Io has a normally distributed random number generator:

bash $ io
Io 20090105
Io> Random gaussian
==> 1.0989883665373978
Io> Random gaussian(100,10)
==> 88.2743995098800269

The underlying source code uses the Box-Muller transform:

double RandomGen_gaussian(RandomGen *self, double m, double s)
{
		// http://www.taygeta.com/random/gaussian.html
	double x1, x2, w, y1, y2;

	do {
		x1 = 2.0 * RandomGen_randomDouble(self) - 1.0;
		x2 = 2.0 * RandomGen_randomDouble(self) - 1.0;
		w = x1 * x1 + x2 * x2;
	} while ( w >= 1.0 );

	w = sqrt( (-2.0 * log( w ) ) / w );
	y1 = x1 * w;
	y2 = x2 * w;

		// The following code resulted in a lot of nans being returned. The
		// following code *should* also be slower.
		/*
	double x1 = 2.0 * RandomGen_randomDouble(self) - 1.0;
	double x2 = 2.0 * RandomGen_randomDouble(self) - 1.0;
	double y1 = sqrt( - 2.0 * log(x1) ) * cos( M_PI_2 * x2 );
		*/

	return ( m + y1 * s );
}

Factor also has a normally distributed generator:

bash $ factor
( scratchpad ) USE: random
( scratchpad ) 0 1 normal-random-float

--- Data stack:
-1.651647700885478

The interesting story here is the Factor source is algorithmically identical to what is commented out in the Io source:

: normal-random-float ( mean sigma -- n )
    0.0 1.0 uniform-random-float
    0.0 1.0 uniform-random-float
    [ 2 pi * * cos ]
    [ 1.0 swap - log -2.0 * sqrt ]
    bi* * * + ;

So a normally distributed random variable is easy to simulate, but what about the other distributions? It occurred to me that the inverse of the cumulative distribution function (qv quantile function) of an RV will convert a standard uniform random number into a sample from the RV.

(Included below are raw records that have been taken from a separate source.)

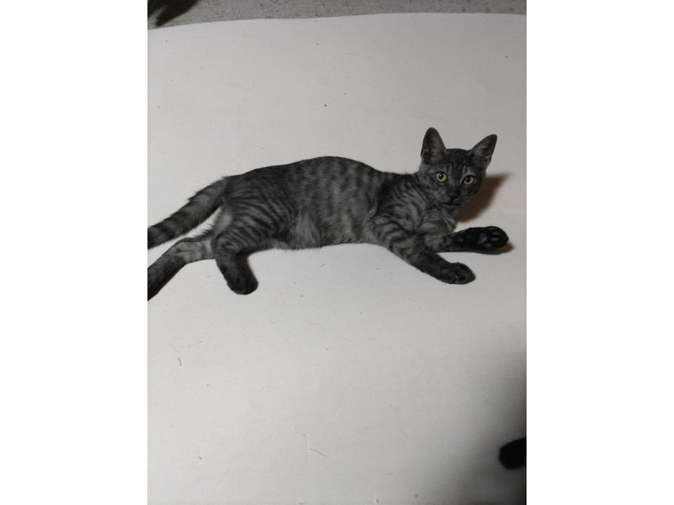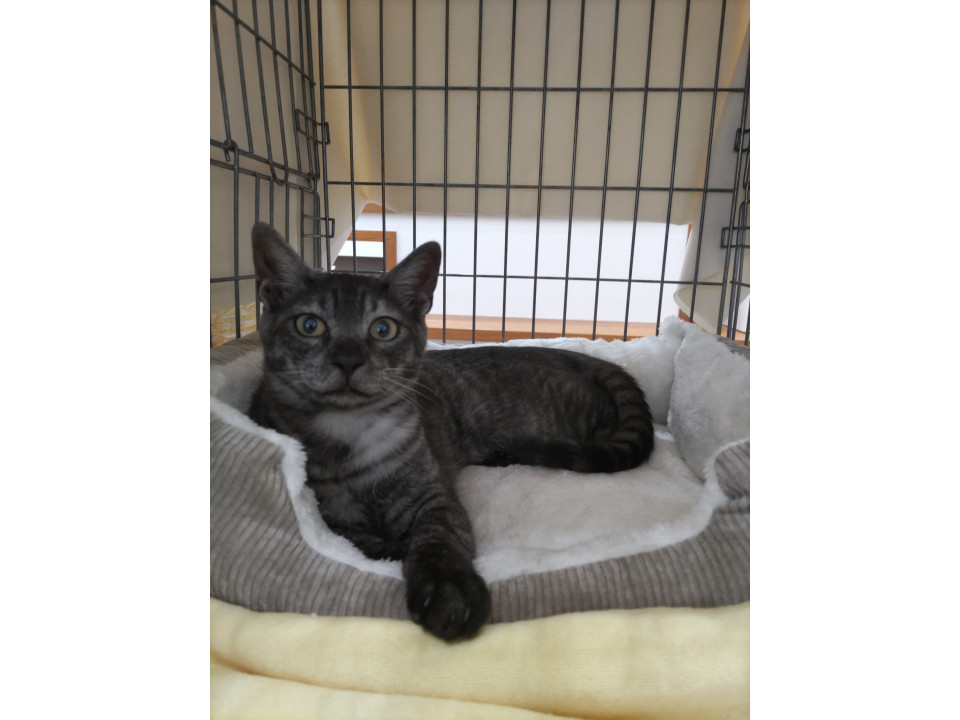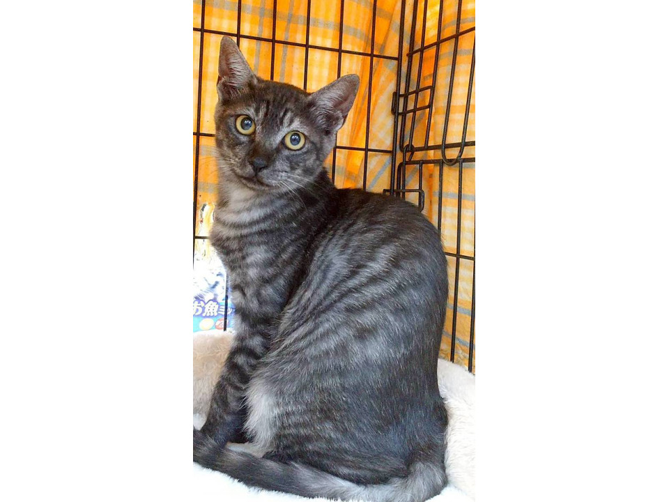 色柄がブラックスモークタビー(別名黒トラ)でとても神秘的です。見た目はかっこいいのですが、性格はわんぱくの甘えん坊さんで膝に乗りに来たり布団で一緒に寝たりします。猫じゃらしなどで遊んでもらうのも大好きです。
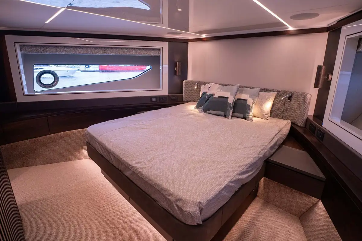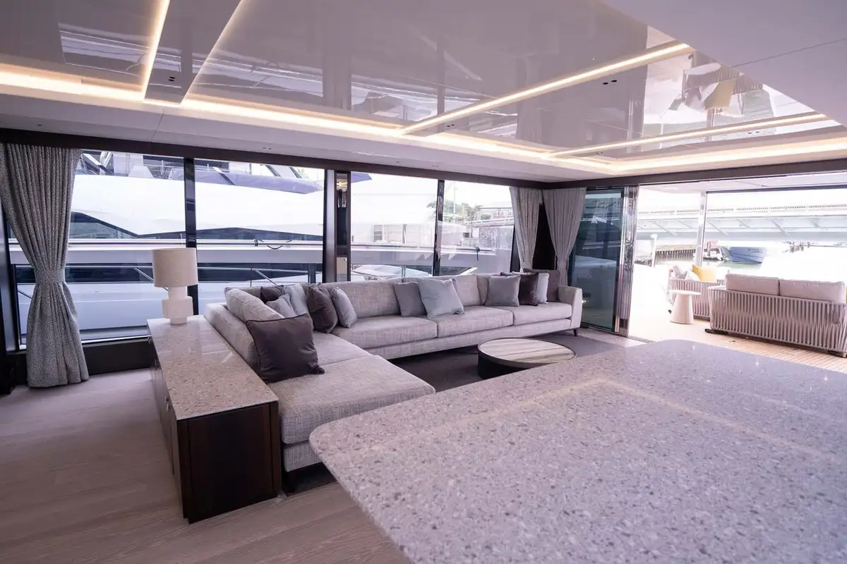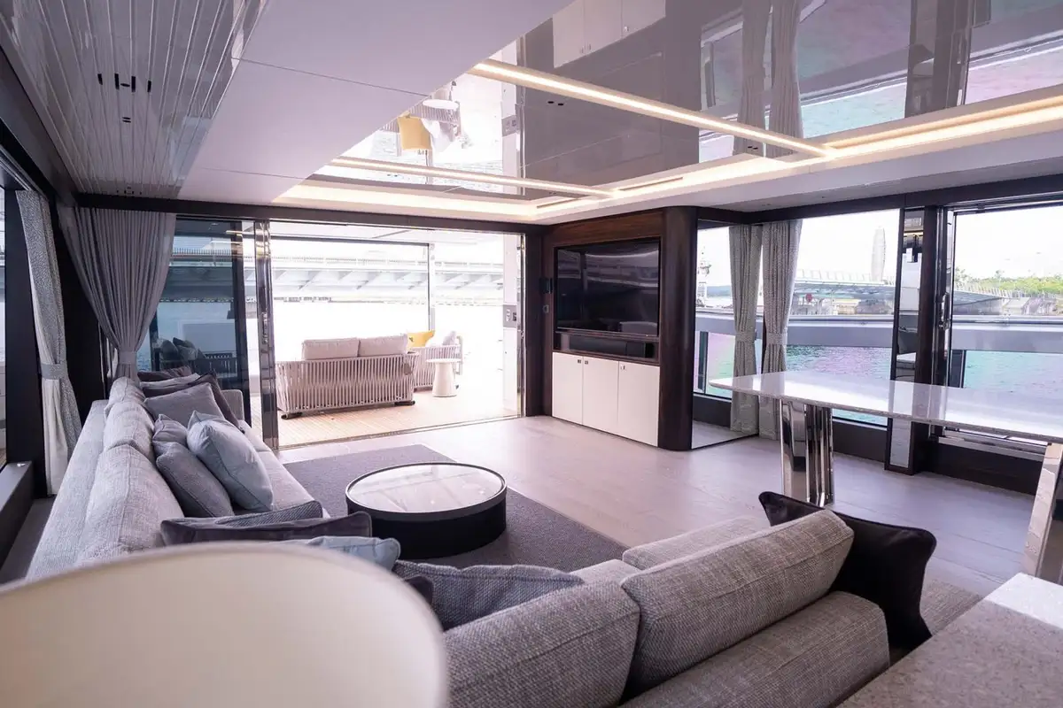 The main deck saloon is open plan with great swathes of floor-to-ceiling glass on both sides. There’s a lounge aft and a dining area forward with skylights above. The galley, forward of the saloon, can be open or closed. The main helm station is offset to make space for more guest seating alongside it.
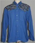 dazu wurde auf einem royalblauen Herrenhemd der passende Sattel angebrachtvorne und hinten spitz zulaufender Sattelnormale Knöpfe2 aufgesetzte BrusttaschenMaterial:Mischgewebe
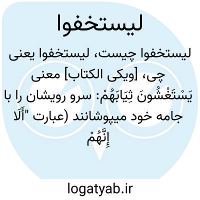 [ویکی الکتاب] معنی یَسْتَغْشُونَ ثِیَابَهُمْ: سرو رویشان را با جامه خود میپوشانند (عبارت "أَلَا إِنَّهُمْ یَثْنُونَ صُدُورَهُمْ لِیَسْتَخْفُواْ مِنْهُ أَلَا حِینَ یَسْتَغْشُونَ ثِیَابَهُمْ یَعْلَمُ مَا یُسِرُّونَ وَمَا یُعْلِنُونَ " یعنی: آگاه باشید که مشرکان سر در گریبان فرو میبرند تا [خود را...
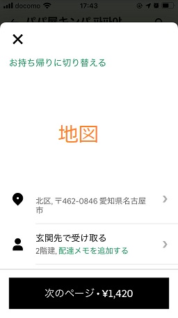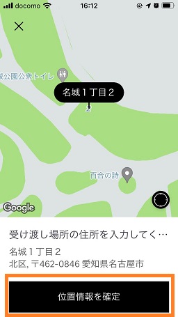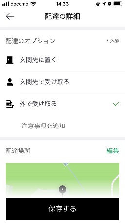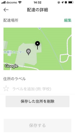配達場所のピンの位置の確認です。(ズレている場合は編集をタップしてマップを動かして修正できます)
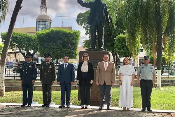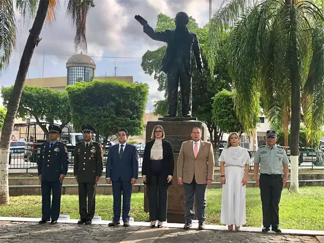 Autoridades civiles y militares conmemoraron el aniversario luctuoso número 151 del «Benemérito de las Américas» Don Benito Juárez, con un izamiento de bandera a media asta y con Honores de Ordenanza en la plaza cívica de Palacio de Gobierno.
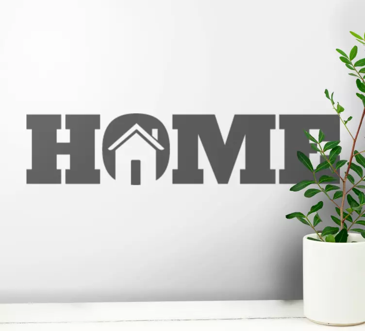 Referanse:: A49083Dette designet har ordet 'home' med et integrert taksymbol, som fremhever komfort og en følelse av tilhørighet. Den monokrome stilen gir fleksibilitet i fargevalg, noe som gjør den egnet for ulike hjeminteriører.
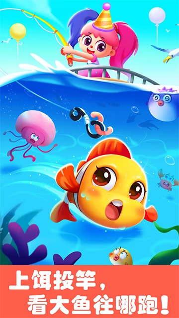 想要钓到大鱼,钓竿和饵料是必不可少的!选好这些东西后,就可以开始给鱼钩上饵、把鱼竿投出去啦。宝贝要耐心等待,仔细观察水面的变化,这样鱼儿肯定会被吸引过来咬钩的!(这可是在培养你的耐力哦)
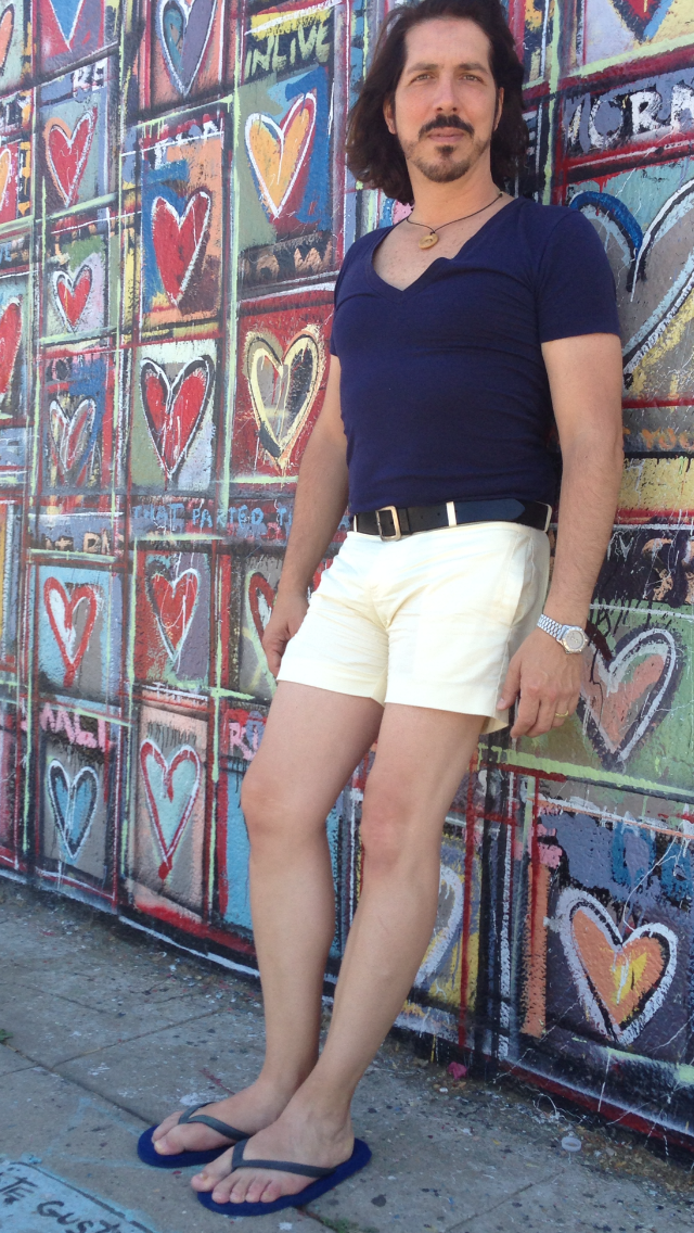 I’m wearing shorts by Parke and Ronen and a t-shirt by American Apparel.

Since most languages don’t have cumulative distribution functions, much less quantile functions, this converts the problem into an exercise in numerical analysis. I wondered if this was the technique used in the R source code. It wasn’t so for either rgamma or rnorm. rnorm underlyingly calls this routine, which consists of almost 300 lines of C:

/*
 *  REFERENCE
 *
 *    Ahrens, J.H. and Dieter, U.
 *    Extensions of Forsythe's method for random sampling from
 *    the normal distribution.
 *    Math. Comput. 27, 927-937.
 *
 *    The definitions of the constants a[k], d[k], t[k] and
 *    h[k] are according to the abovementioned article
 */
double norm_rand(void)
{

The paper mentioned in the comment doesn’t appear to be available online, but it is summarized here. It goes back to an idea von Neumann had in the 1950s. The technique still involves multiple uniform distribution samples, which are apparently cheaper than evaluating a quantile function. It uses far fewer samples on average than the 30 I used in rnorm.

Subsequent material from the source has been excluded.